Small Schools, Big Difference
How One City Tackled Its Dropout Problem
A recent study by the policy-research group MDRC brings encouraging news for those seeking to produce rapid progress at scale in high school reform.
In June, the group published an analysis of New York City's small-high-schools initiative, which has been led by Mayor Michael R. Bloomberg and Chancellor Joel I. Klein. The initiative closed long-failing large high schools, typically graduating only one in three students, and replaced them with hundreds of new academically themed small high schools educating no more than 450 students.
MDRC found that students in these new small schools, which have no achievement screens, performed better and had higher graduation rates than did their peers in other schools across New York City. Small schools boosted the performance for all students, particularly students of color and underprepared students, immediately and consistently.
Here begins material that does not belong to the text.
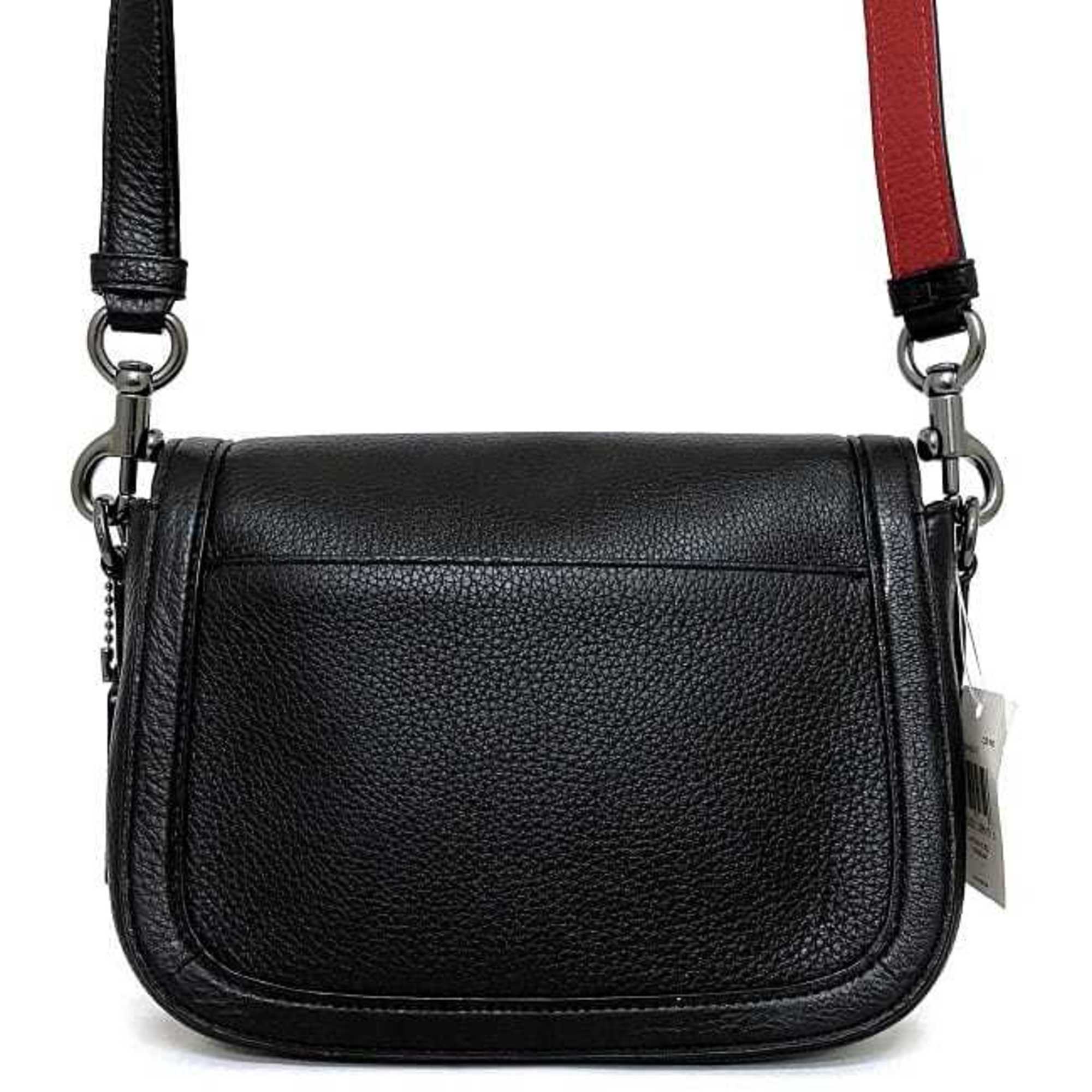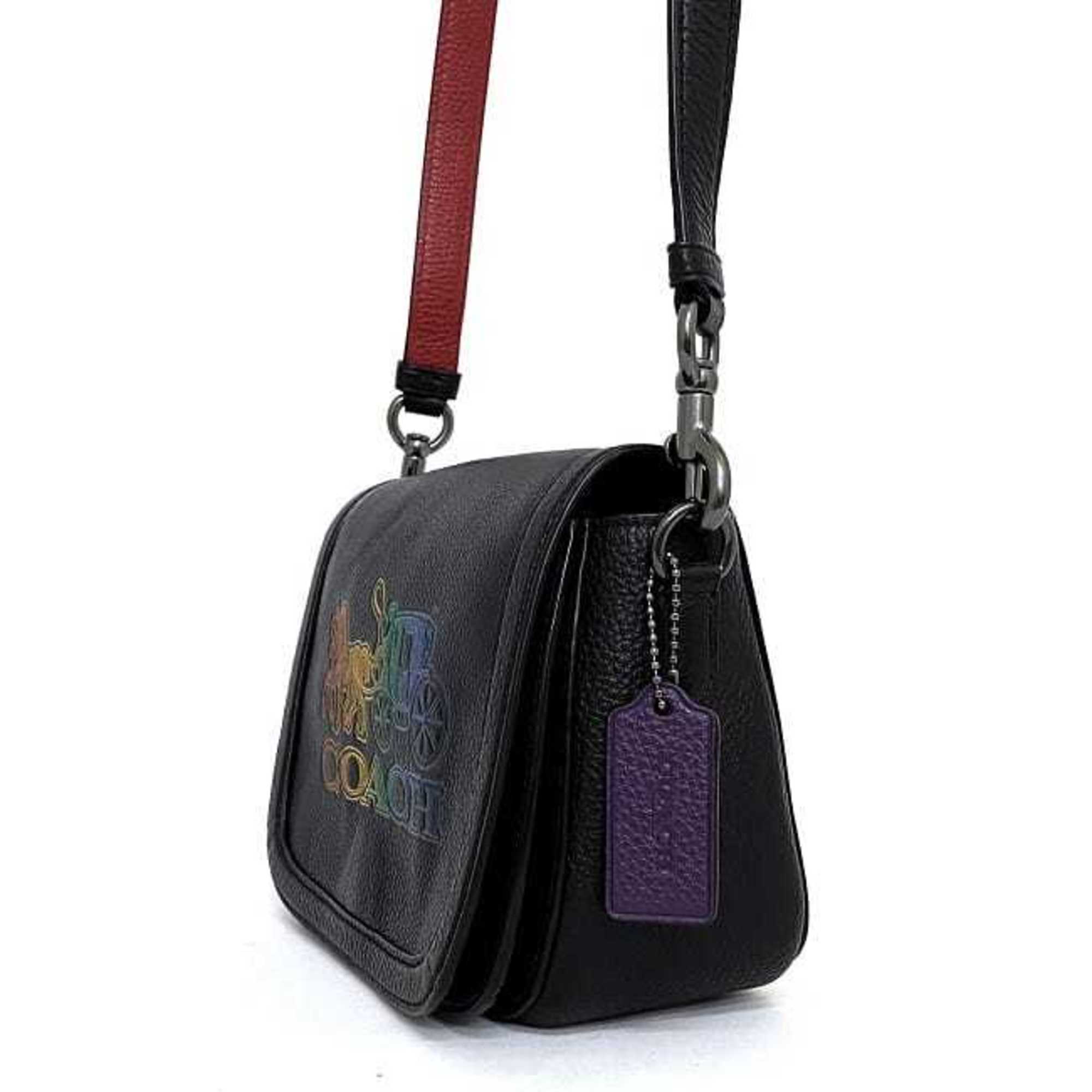 Pre-Owned Coach shoulder bag black rainbow horse and carriage C6804 leather COACH flap saddle (Like New)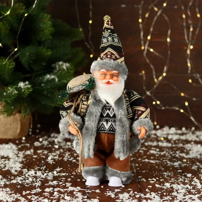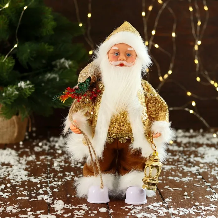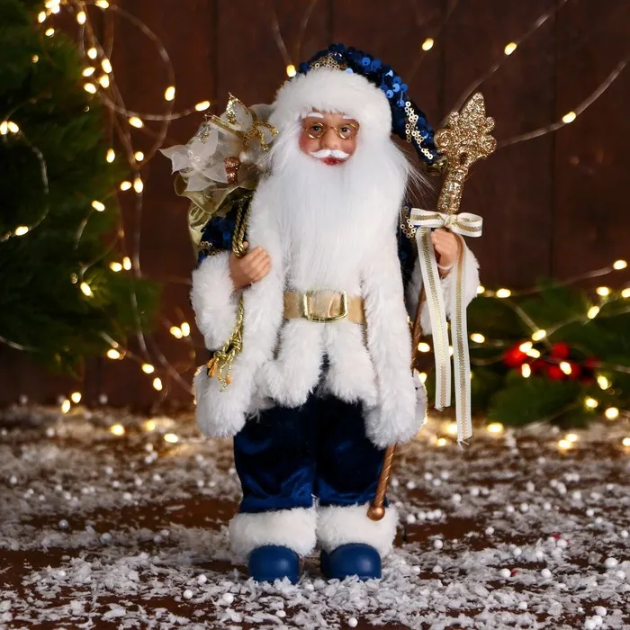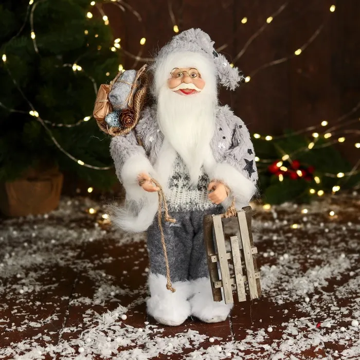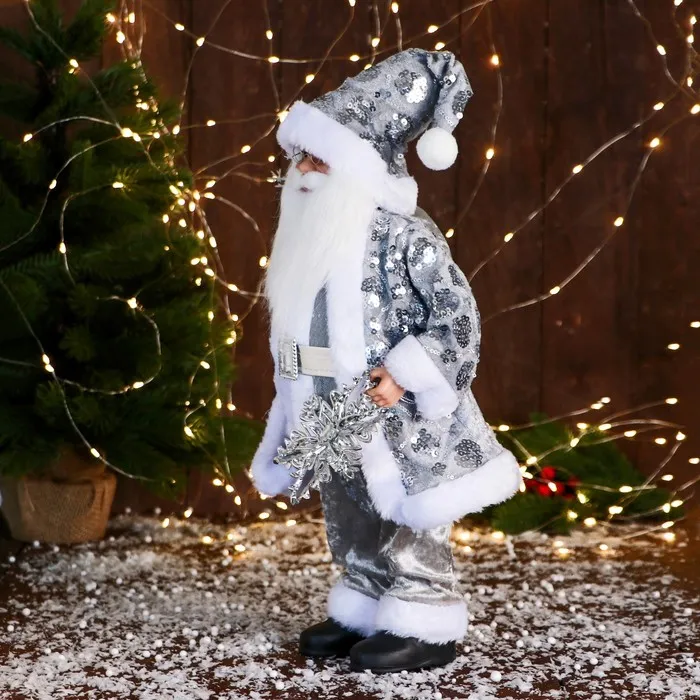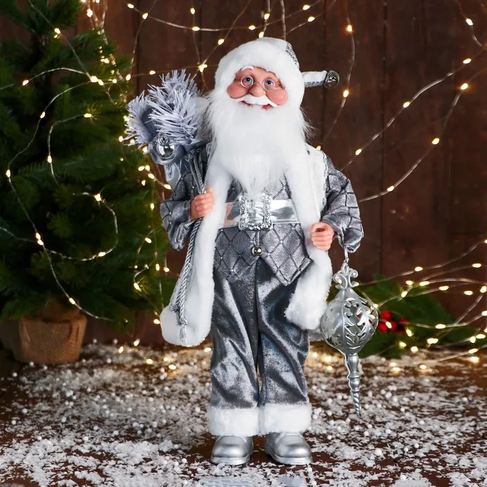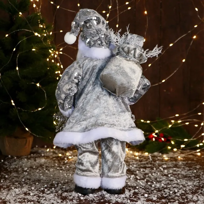 Дед Мороз под ёлку «Зимнее волшебство. Новогодняя игрушка в костюме с пайетками и с подарками», 43 см, серебристый — Характеристики

While enrolled, students in the new small schools performed better—had better attendance, greater credit accumulation, and higher passing rates on the state Regents exams—than students in other schools. By the fourth year of high school, the new small schools increased overall graduation rates by 6.8 percentage points—68.7 percent vs. 61.9 percent in other schools—which is roughly one-third the size of the gap in graduation rates between white students and students of color in New York City. More importantly, given the need to prepare students for college and meaningful jobs, small schools improved the chance that all students, regardless of class, gender, or minority status, would earn more-rigorous Regents diplomas.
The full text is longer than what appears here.